─── DATASET ENTRIES

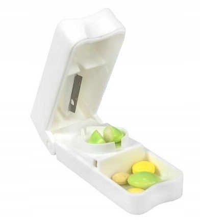 Планшетник дозволяє легко розрізати таблетки на рівні частини. Куттер вміщує таблетки будь-якого розміру. Він виготовлений з міцного матеріалу. Він також має контейнер для наступних доз. Особливо корисно для людей із фізичними труднощами та літніх людей
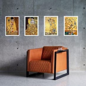Kit 4 quadros obras de gustav klimt 45x34cm - com vidro Moldura: madeira branca Informações do produto tire todas as suas dúvidas no descritivo abaixo: decoração para quarto, sala, cozinha, escritório, área gourmet e muito mais. Chega de paredes vazias medidas - cada peça tem 45x34cm a3 . Material do papel - papel fotográfico brilhante de altíssima resolução acabamento - todos os quadros são acompanhados de vidro para proteção da imagem. - moldura em madeira maciça na cor preta ou branca conforme produto escolhido e pendurador . - os quadros são embalados de forma segura com plástico bolha com camada dupla de acordo com o tamanho dos quadros. Garantia - garantia de 3 meses. Meu quadro chegou. Como posso fixá-lo Você precisa apenas de um martelo e um prego, pois os quadros já vão acompanhados de penduradores. Esta é a forma mais indicada. Como posso limpar meu quadro A limpeza é feita como um móvel comum da sua casa. Apenas um pano seco ou espanador são suficientes para tal
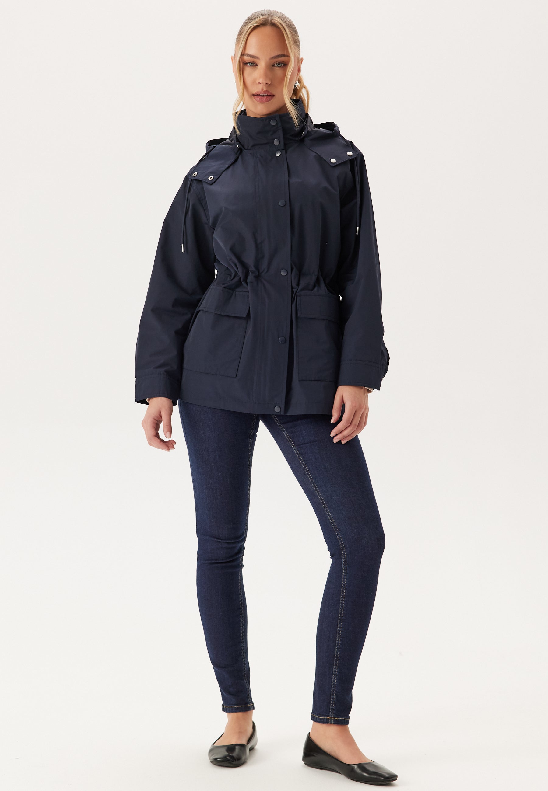 - Snøring ved midjen og på hetten.
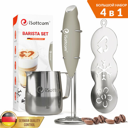 Теперь для вас не составит труда сделать пышную и стойкую пену для капучино или латте или фраппе или порадовать своих домашних нестандартной подачей молока, кофе, коктейлей, детских смесей, спортивного питания. Стильный набор состоящий из капучинатора, питчера и трафаретов может украсить Ваше утро и не только! Вспениватель молока от iSottcom позволит за несколько секунд приготовить пышную молочную пенку. За ним удобно ухаживать, он легок во время чистки, не скользит в руках и его легко найти среди другой кухонной техники, когда он срочно нужен. Разработан в Германии и изготовлен под контролем немецкой компании Vymana GmbH из высококачественных материалов. Идеальная подача кофе теперь легко вместе с iSottcom! Ключевые преимущества нашего Barista Milk Frother Set: ✅ Капучинатор. Сделайте густую молочную пену за считанные секунды с электрическим вспенивателем молока. Наш беспроводной капучинатор придаст профессиональный вид вашему латте, капучино, макиато или горячему шоколаду. За ним легко ухаживать и мыть. Ручной капучинатор удобен в использовании, эргономичная ручка, не скользит в руке, удобно брать с собой. Мощный и эффективный двигатель поможет взбить молочную пенку за считанные секунды, работает со всеми видами молока и сливок. Изготовлен из высококачественной нержавеющей стали и ABS пищевого пластика. Также, есть подставка, которая решает проблемы с хранением. Главное преимущество наличия нашего набора - это безграничные возможности приготовления напитков на свой вкус. Используйте наш мини миксер для смешивания и взбивания матчи, коктейлей и спортивных напитков ✅ Питчер. Металлический питчер для молока удобен в использовании, практичен. Широкая ручка за которую удобно держаться. У питчера для молока большой обьем до 300 мл. хватит, чтобы взбить много молочной пены. Внутри нанесена мерная шкала для точного измерения объема жидкости для взбивания. Удобный носик предназначается для аккуратного выливания молока и хорошо подходит для рисования узоров латте-арт. ✅ Трафареты. Трафареты для кофе из нержавеющей стали это простейший способ украсить свой напиток. Вы можете украсить молочную пену с помощью какао, шоколада, корицы и получить не только вкусный, но и красивый напиток для себя и своих близких. ✅ Идеально в подарок. У нашего набора с капучинатором современный продуманный до мелочей дизайн, покупая его вы получаете незабываемые эмоции, возможность проявить свою креативность, удивить своих близких не только вкусными, но и красивыми напитками. При хранении прекрасно сочетается с кофейными принадлежностями. Товар производится по европейским стандартам качества под контролем немецкой фирмы Vymana GmbH. ✅ Гарантия. Мы используем только высококачественные материалы. Наш капучинатор, питчер и трафареты прослужат долго, не сломаются и не заржавеют. Никаких хлопот с гарантией, мы любим и гордимся нашим товаром, поэтому при его покупке Вы можете быть уверены, что он прослужит Вам долго. Если возникнут какие-либо проблемы, просто свяжитесь с нами, и мы все исправим. Закажите сейчас и будьте уверены, что этот продукт будет соответствовать вашим ожиданиям.
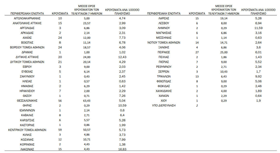 Ο ημερήσιος αριθμός και κρούσματα ανά 100.000 πληθυσμού επιβεβαιωμένων εγχώριων κρουσμάτων COVID-19 ανά περιφερειακή ενότητα στις 11 Ιανουαρίου 2021:
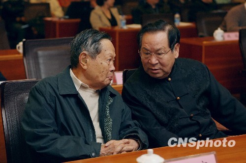 11月1日,参加清华国学院成立大会的清华大学校长顾秉林身着唐装与著名科学家杨振宁交谈。中新社发 苏丹 摄
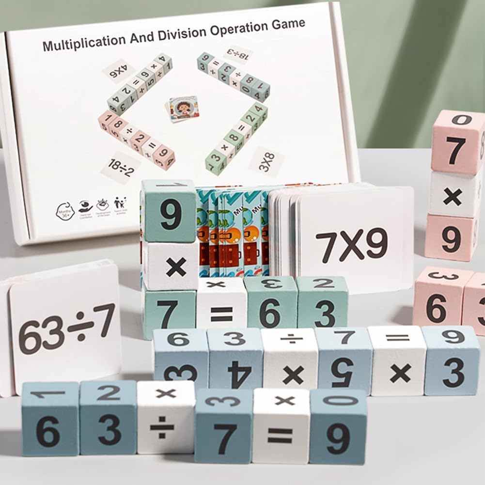 Sviluppare capacità di risoluzione dei problemi: i nostri blocchi di moltiplicazione in legno incoraggiano i bambini a esplorare diverse strategie di soluzione, espandere la loro capacità di pensiero e migliorare le capacità decisionali. Ciò supporta lo sviluppo di capacità di problem solving in modo divertente. Aiuta a sviluppare la presa : i nostri blocchi di moltiplicazione in legno aiutano ad allenare la coordinazione occhio-mano dei bambini nel gioco, migliorano la forza di presa, rafforzano la forza della mano e sono facili da impugnare per le mani dei bambini. Queste caratteristiche supportano lo sviluppo motorio in modo giocoso e favoriscono l'apprendimento. Materiale educativo ecologico: promuovi le abilità matematiche del tuo bambino con i nostri blocchi di conteggio in legno realizzati in materiale ecologico. I blocchi hanno bordi lisci e arrotondati e sono dotati di angoli smussati, per un'esperienza di gioco ininterrotta. Questo giocattolo educativo durevole e sicuro è ideale per avvicinare i numeri e i calcoli ai bambini in modo divertente. Reattività rapida: Prova l'emozione del nostro gioco temporaneo con blocchi di conteggio in legno. Sii il primo a risolvere compiti di matematica che soddisfano i criteri della mappa migliorando la velocità di reazione. Questa esperienza allena decisioni rapide in un ambiente competitivo e aumenta il piacere di apprendimento. Incoraggiare l'apprendimento della matematica: ogni mattoncino è decorato su tutti e sei i lati con numeri unici e simboli matematici, che permettono di comprendere la moltiplicazione e la divisione. Questo pone una solida base per le abilità matematiche e suscita interesse per questa materia. I blocchi aiutano i bambini a esplorare numeri e operazioni attraverso l"apprendimento giocoso. L'uso ripetuto favorisce l'uso nella vita di tutti i giorni e rafforza così il piacere dell'apprendimento della matematica. Questo passaporto
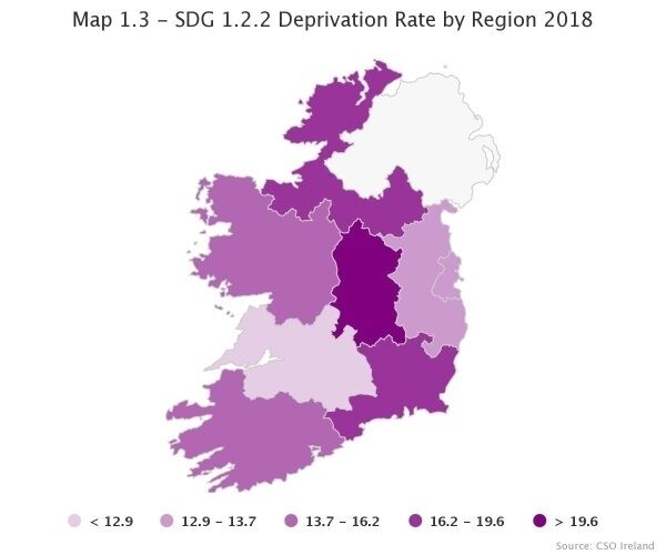 The highest deprivation rate in the country was in the Midlands region (20.3%) while the lowest was in the Mid-West (12.8%).
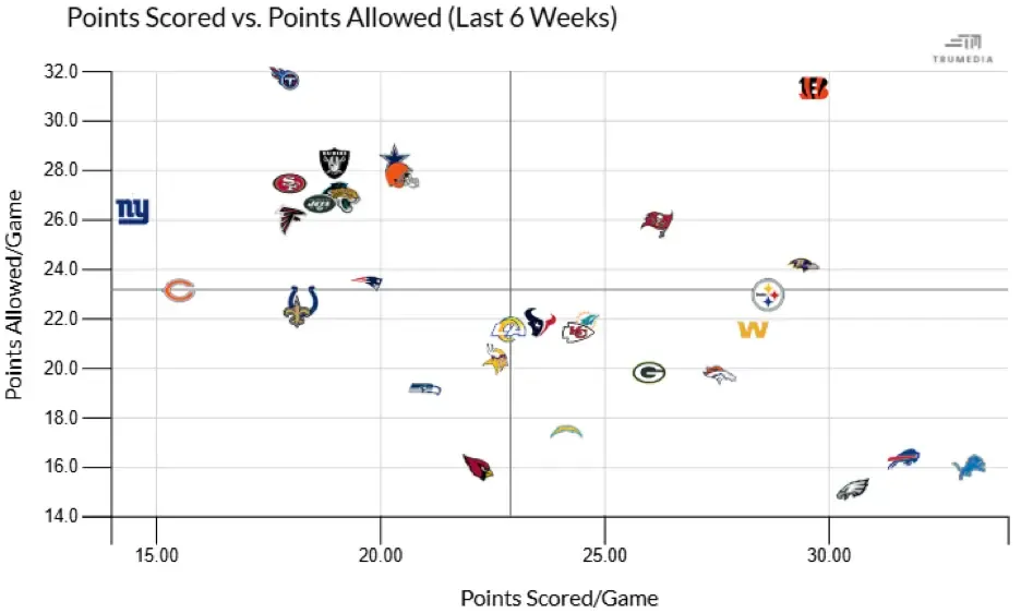I also charted the entire league’s average total points scored per game as another simple reference tool. This beauty will help you find the wagons worth hitching to in a pinch.
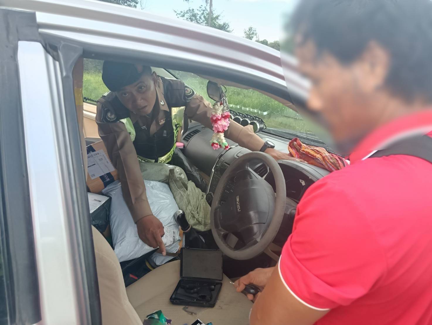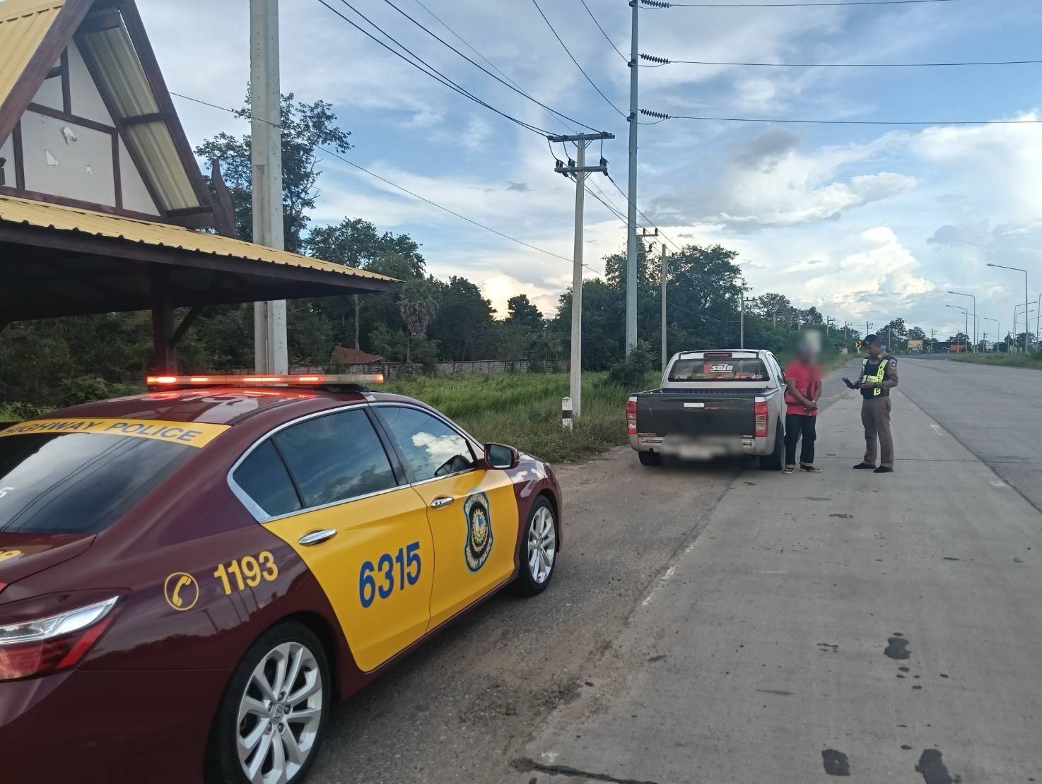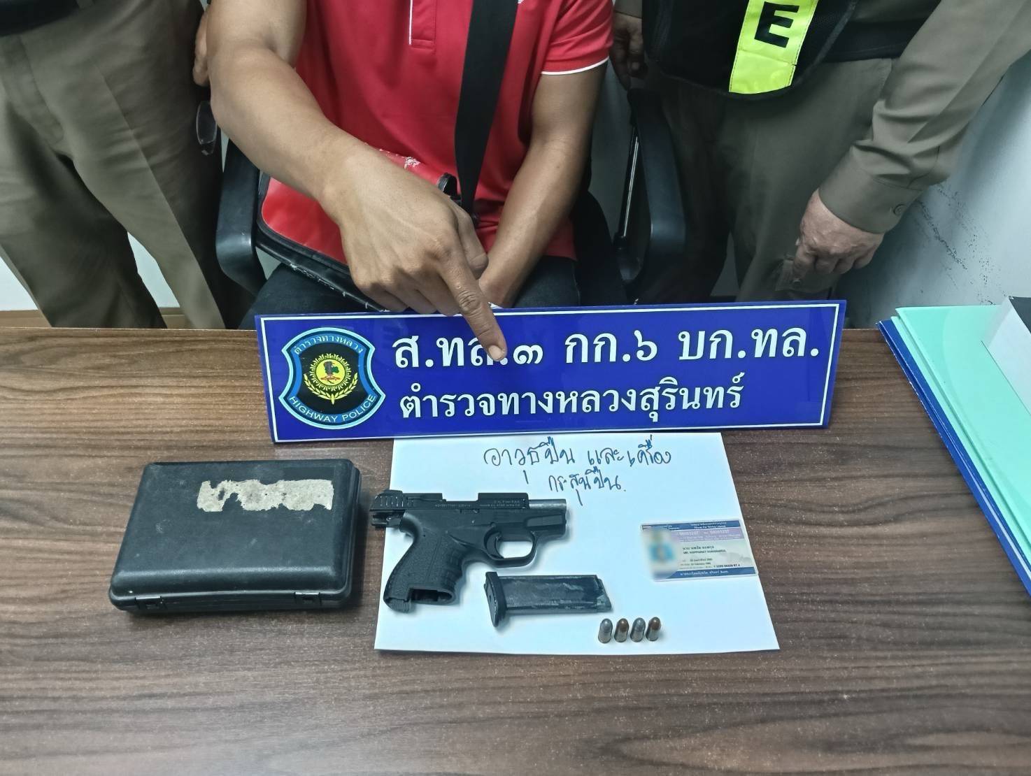 ตำรวจทางหลวง จับหนุ่มซิ่งกระบะ พกปืนเถื่อนกลางเมืองสุรินทร์

──────

Nothing but the records above, retyped exactly and stripped of images, should appear in the answer.

:: ANSWER SECTION ::
 Планшетник дозволяє легко розрізати таблетки на рівні частини. Куттер вміщує таблетки будь-якого розміру. Він виготовлений з міцного матеріалу. Він також має контейнер для наступних доз. Особливо корисно для людей із фізичними труднощами та літніх людей
Kit 4 quadros obras de gustav klimt 45x34cm - com vidro Moldura: madeira branca Informações do produto tire todas as suas dúvidas no descritivo abaixo: decoração para quarto, sala, cozinha, escritório, área gourmet e muito mais. Chega de paredes vazias medidas - cada peça tem 45x34cm a3 . Material do papel - papel fotográfico brilhante de altíssima resolução acabamento - todos os quadros são acompanhados de vidro para proteção da imagem. - moldura em madeira maciça na cor preta ou branca conforme produto escolhido e pendurador . - os quadros são embalados de forma segura com plástico bolha com camada dupla de acordo com o tamanho dos quadros. Garantia - garantia de 3 meses. Meu quadro chegou. Como posso fixá-lo Você precisa apenas de um martelo e um prego, pois os quadros já vão acompanhados de penduradores. Esta é a forma mais indicada. Como posso limpar meu quadro A limpeza é feita como um móvel comum da sua casa. Apenas um pano seco ou espanador são suficientes para tal
 - Snøring ved midjen og på hetten.
 Теперь для вас не составит труда сделать пышную и стойкую пену для капучино или латте или фраппе или порадовать своих домашних нестандартной подачей молока, кофе, коктейлей, детских смесей, спортивного питания. Стильный набор состоящий из капучинатора, питчера и трафаретов может украсить Ваше утро и не только! Вспениватель молока от iSottcom позволит за несколько секунд приготовить пышную молочную пенку. За ним удобно ухаживать, он легок во время чистки, не скользит в руках и его легко найти среди другой кухонной техники, когда он срочно нужен. Разработан в Германии и изготовлен под контролем немецкой компании Vymana GmbH из высококачественных материалов. Идеальная подача кофе теперь легко вместе с iSottcom! Ключевые преимущества нашего Barista Milk Frother Set: ✅ Капучинатор. Сделайте густую молочную пену за считанные секунды с электрическим вспенивателем молока. Наш беспроводной капучинатор придаст профессиональный вид вашему латте, капучино, макиато или горячему шоколаду. За ним легко ухаживать и мыть. Ручной капучинатор удобен в использовании, эргономичная ручка, не скользит в руке, удобно брать с собой. Мощный и эффективный двигатель поможет взбить молочную пенку за считанные секунды, работает со всеми видами молока и сливок. Изготовлен из высококачественной нержавеющей стали и ABS пищевого пластика. Также, есть подставка, которая решает проблемы с хранением. Главное преимущество наличия нашего набора - это безграничные возможности приготовления напитков на свой вкус. Используйте наш мини миксер для смешивания и взбивания матчи, коктейлей и спортивных напитков ✅ Питчер. Металлический питчер для молока удобен в использовании, практичен. Широкая ручка за которую удобно держаться. У питчера для молока большой обьем до 300 мл. хватит, чтобы взбить много молочной пены. Внутри нанесена мерная шкала для точного измерения объема жидкости для взбивания. Удобный носик предназначается для аккуратного выливания молока и хорошо подходит для рисования узоров латте-арт. ✅ Трафареты. Трафареты для кофе из нержавеющей стали это простейший способ украсить свой напиток. Вы можете украсить молочную пену с помощью какао, шоколада, корицы и получить не только вкусный, но и красивый напиток для себя и своих близких. ✅ Идеально в подарок. У нашего набора с капучинатором современный продуманный до мелочей дизайн, покупая его вы получаете незабываемые эмоции, возможность проявить свою креативность, удивить своих близких не только вкусными, но и красивыми напитками. При хранении прекрасно сочетается с кофейными принадлежностями. Товар производится по европейским стандартам качества под контролем немецкой фирмы Vymana GmbH. ✅ Гарантия. Мы используем только высококачественные материалы. Наш капучинатор, питчер и трафареты прослужат долго, не сломаются и не заржавеют. Никаких хлопот с гарантией, мы любим и гордимся нашим товаром, поэтому при его покупке Вы можете быть уверены, что он прослужит Вам долго. Если возникнут какие-либо проблемы, просто свяжитесь с нами, и мы все исправим. Закажите сейчас и будьте уверены, что этот продукт будет соответствовать вашим ожиданиям.
 Ο ημερήσιος αριθμός και κρούσματα ανά 100.000 πληθυσμού επιβεβαιωμένων εγχώριων κρουσμάτων COVID-19 ανά περιφερειακή ενότητα στις 11 Ιανουαρίου 2021:
 11月1日,参加清华国学院成立大会的清华大学校长顾秉林身着唐装与著名科学家杨振宁交谈。中新社发 苏丹 摄
 Sviluppare capacità di risoluzione dei problemi: i nostri blocchi di moltiplicazione in legno incoraggiano i bambini a esplorare diverse strategie di soluzione, espandere la loro capacità di pensiero e migliorare le capacità decisionali. Ciò supporta lo sviluppo di capacità di problem solving in modo divertente. Aiuta a sviluppare la presa : i nostri blocchi di moltiplicazione in legno aiutano ad allenare la coordinazione occhio-mano dei bambini nel gioco, migliorano la forza di presa, rafforzano la forza della mano e sono facili da impugnare per le mani dei bambini. Queste caratteristiche supportano lo sviluppo motorio in modo giocoso e favoriscono l'apprendimento. Materiale educativo ecologico: promuovi le abilità matematiche del tuo bambino con i nostri blocchi di conteggio in legno realizzati in materiale ecologico. I blocchi hanno bordi lisci e arrotondati e sono dotati di angoli smussati, per un'esperienza di gioco ininterrotta. Questo giocattolo educativo durevole e sicuro è ideale per avvicinare i numeri e i calcoli ai bambini in modo divertente. Reattività rapida: Prova l'emozione del nostro gioco temporaneo con blocchi di conteggio in legno. Sii il primo a risolvere compiti di matematica che soddisfano i criteri della mappa migliorando la velocità di reazione. Questa esperienza allena decisioni rapide in un ambiente competitivo e aumenta il piacere di apprendimento. Incoraggiare l'apprendimento della matematica: ogni mattoncino è decorato su tutti e sei i lati con numeri unici e simboli matematici, che permettono di comprendere la moltiplicazione e la divisione. Questo pone una solida base per le abilità matematiche e suscita interesse per questa materia. I blocchi aiutano i bambini a esplorare numeri e operazioni attraverso l"apprendimento giocoso. L'uso ripetuto favorisce l'uso nella vita di tutti i giorni e rafforza così il piacere dell'apprendimento della matematica. Questo passaporto
 The highest deprivation rate in the country was in the Midlands region (20.3%) while the lowest was in the Mid-West (12.8%).
I also charted the entire league’s average total points scored per game as another simple reference tool. This beauty will help you find the wagons worth hitching to in a pinch.
 ตำรวจทางหลวง จับหนุ่มซิ่งกระบะ พกปืนเถื่อนกลางเมืองสุรินทร์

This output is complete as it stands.